Random missing values were introduced independently at the two reference heights to emulate incomplete observational or reanalysis datasets. Missing-data fractions of 1% and 3% were applied at 10 m and 100 m , respectively, while hub-height quantities were retained complete for consistency checks during reconstruction.
The primary output of the generator was a NetCDF dataset containing wind-component, wind-speed, wind-direction, shear, veer, and regime-index variables together with associated metadata and units. The dataset includes eastward and northward velocity components, reconstructed wind speeds and directions at all vertical levels, shear exponent α ( t ) , directional veer Δ θ ( t ) , and regime-index time series. The synthetic dataset was generated using the archived workflow scripts provided in the Data Availability statement and associated Zenodo archive (DOI:10.5281/zenodo.19678324). Additional details of the synthetic wind generator implementation, parameterisation, and workflow are provided in Appendix A.
Turbine power calculations used the IEA 15 MW offshore reference wind turbine specification [27], with power and thrust characteristics defined using the corresponding reference turbine implementation [33]. The synthetic dataset was used exclusively for discretisation diagnostics and controlled sensitivity testing. Wake-model calculations and wind-farm AEP simulations presented in Section 6 were performed separately using the offshore climatological datasets described in Section 2.2.
Figure 3 shows the synthetic wind-rose distributions at the two reference heights used in the analysis. The wind roses were constructed using the same baseline 5 ° directional discretisation adopted in the inflow-state construction workflow. Wind-speed classes correspond to the same 1 m s 1 binning approach used in the discretised inflow-state ensembles.
The marginal directional-frequency distributions derived from the synthetic wind dataset are shown in Figure 4. The distributions show the bimodal directional structure generated by the synthetic time series, with dominant north-easterly and south-westerly flow regimes and directional veer between the two reference heights.
The corresponding summary statistics of the synthetic wind dataset are presented in Table 3. These statistics provide a quantitative check on the directional structure, vertical shear behaviour, and wind-speed variability represented within the processed synthetic dataset.
The higher wind speeds at 100 m are consistent with the power–law shear relationship used in the synthetic generator, while the shift in circular-mean wind direction between the two heights reflects the directional veer introduced between the lower and upper reference levels. Together with the wind-rose and directional-frequency diagnostics shown in Figure 3 and Figure 4, these statistics provide a controlled diagnostic check on the preprocessing, hub-height reconstruction, and inflow-state construction procedures prior to the discretisation analyses presented in Section 5.

5. Diagnostics Framework

The analysis uses a set of diagnostics to characterise the wind climatology, evaluate the effect of inflow discretisation, and quantify how different inflow-state ensembles influence derived quantities such as turbine power, wake loss, and annual energy production (AEP). These methods do not modify the inflow-state construction itself. Instead, they quantify how closely the discretised inflow states reproduce the underlying wind-speed–direction distribution and how sensitive the downstream engineering calculations are to the selected discretisation.

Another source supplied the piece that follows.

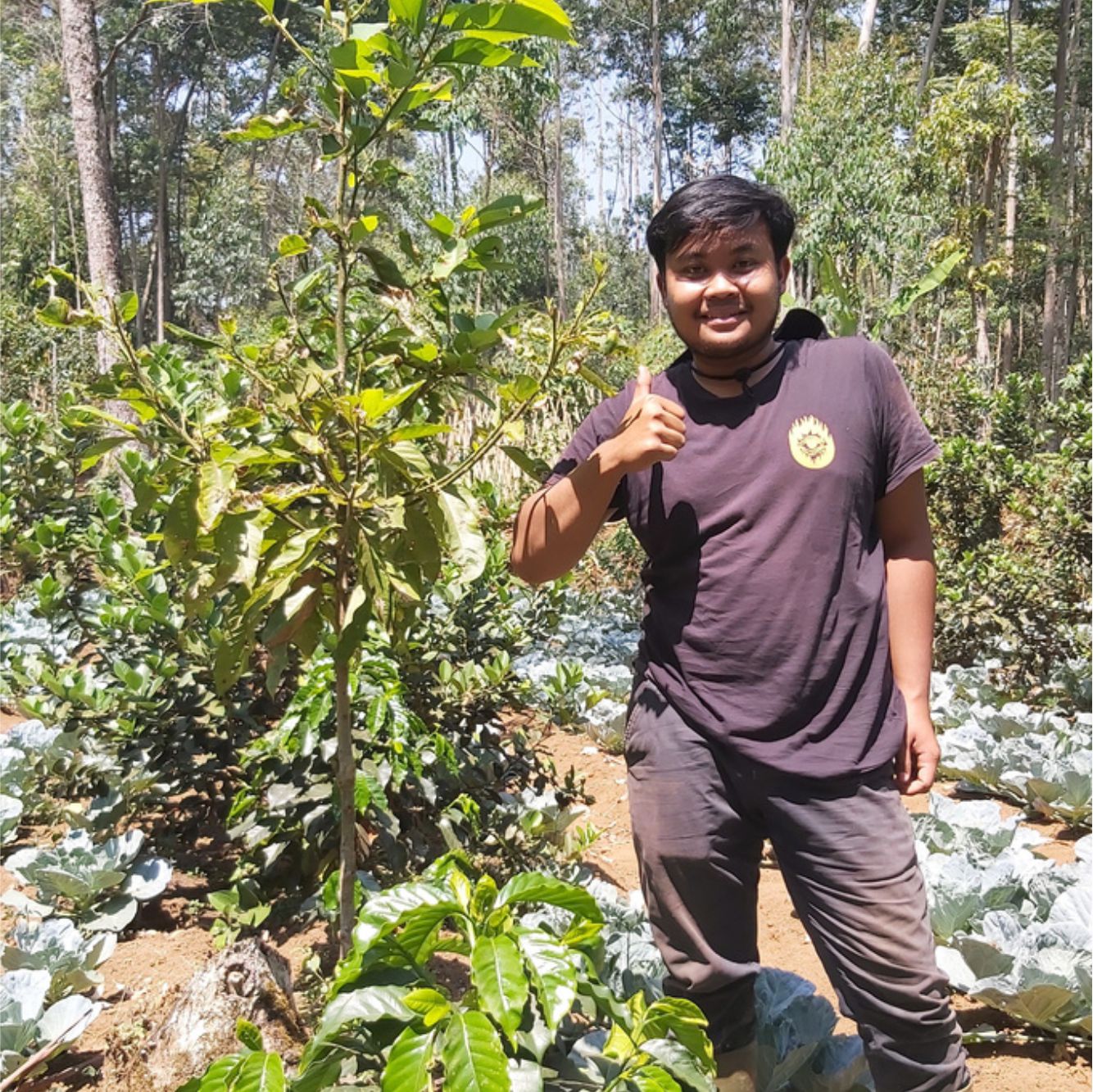 He uses this opportunity to restore forest functions while supporting the local economy. Alongside coffee, he plants fruit trees for income and focuses on native shade trees to maintain ecological balance.

5.1. Wind-Climate and State-Frequency Diagnostics

Basic directional and wind-speed statistics were calculated for each processed dataset together with the corresponding annual and seasonal subsets. These diagnostics include mean wind speed, directional occurrence frequency, wind-speed percentiles, and marginal directional distributions derived from the discretised inflow-state ensembles described in Section 2.4.
Directional occurrence frequencies were evaluated using the same directional-sector definitions adopted in the inflow-state construction. Marginal directional distributions were obtained by integrating across all wind-speed bins within each directional sector.
For the synthetic dataset described in Section 4, these diagnostics were used to verify that the expected bimodal directional structure and directional differences between the two reference heights were retained after preprocessing and discretisation. For the offshore climatological datasets, the same diagnostics characterise the dominant directional structure represented in the wake-model inflow conditions.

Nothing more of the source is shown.